Maurice Rheims writes: (The Glorious Obsession, St. Martin’s Press, 1980)
For the collector, the object is a sort of docile dog which receives caresses and returns them in its own way; or rather, reflects them like a mirror constructed in such a way as to throw back images not of the real but of the desirable.
In life we collect many things, and sorrows number among the successes. As we move through the daily gauntlet of social living, objects of all kinds attach themselves to us like barnacles to an ocean liner. In many cases these objects represent memories of pain, or failure; of times when life was challenging or overwhelming. We carry them with us, whether we want them or not. In games, however, objects possess the clean edges and reflective surfaces of purely positive affirmation. To extend the nautical analogy: they promise a calm sea amid the storms; a break from the choppiness and irregularity of daily life. In their stiff and facetless way, they offer to shore up our wounded consciousnesses, acting as a form of therapy. Being the friendly pet, games do not bite back or leave scars in their wake. Their predictable outcomes allow one to sidestep the three-dimensional stresses of the real world. And there is healing potential in the solace they offer to our overworked spirits.

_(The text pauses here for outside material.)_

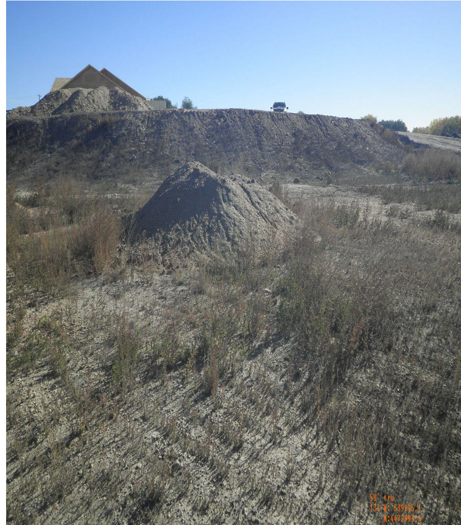
Photo 7. Cardinal photos taken at ground level from the middle of the tank battery. Left photo facing north, right photo facing east.

Baudrillard warns however, of the seductive pitfalls of this self-administered remedy:
But we should not be fooled by such talk of recuperation… We cannot but see this reflex of retreat as a regression; this sort of passion is an escapist one. No doubt objects do play a regulative role in everyday life… this is what lends them their ‘spiritual’ quality; this is what entitles us to speak of them as ‘our very own’. Yet this is equally what turns them into the site of a tenacious myth, the ideal site of a neurotic equilibrium.
While therapeutic, the practice of identity projection through virtual proxy requires investing in a closed loop. The sensation of growth from time spent on that mental treadmill is ultimately illusory; your avatar may balloon in stature, hoard all within reach, but you remain unchanged. In our isolation, the illusion constructed by the virtual, while appealing, offers us a hollow prize. The social relationships which carry the potential to cause deep and lasting pain are still vital to undergo tangible growth. The tasks that can end in failure or embarrassment make our minds stronger in turn, and our identities more balanced and whole. This is more than a recommendation for tough love. We languish in the furnaces of daily life just as we deteriorate on the Elysian fields of virtual self-satisfaction. To survive, one must drink from many wells, and inure oneself to the poison of simple solutions and masochistic austerity in equal measure.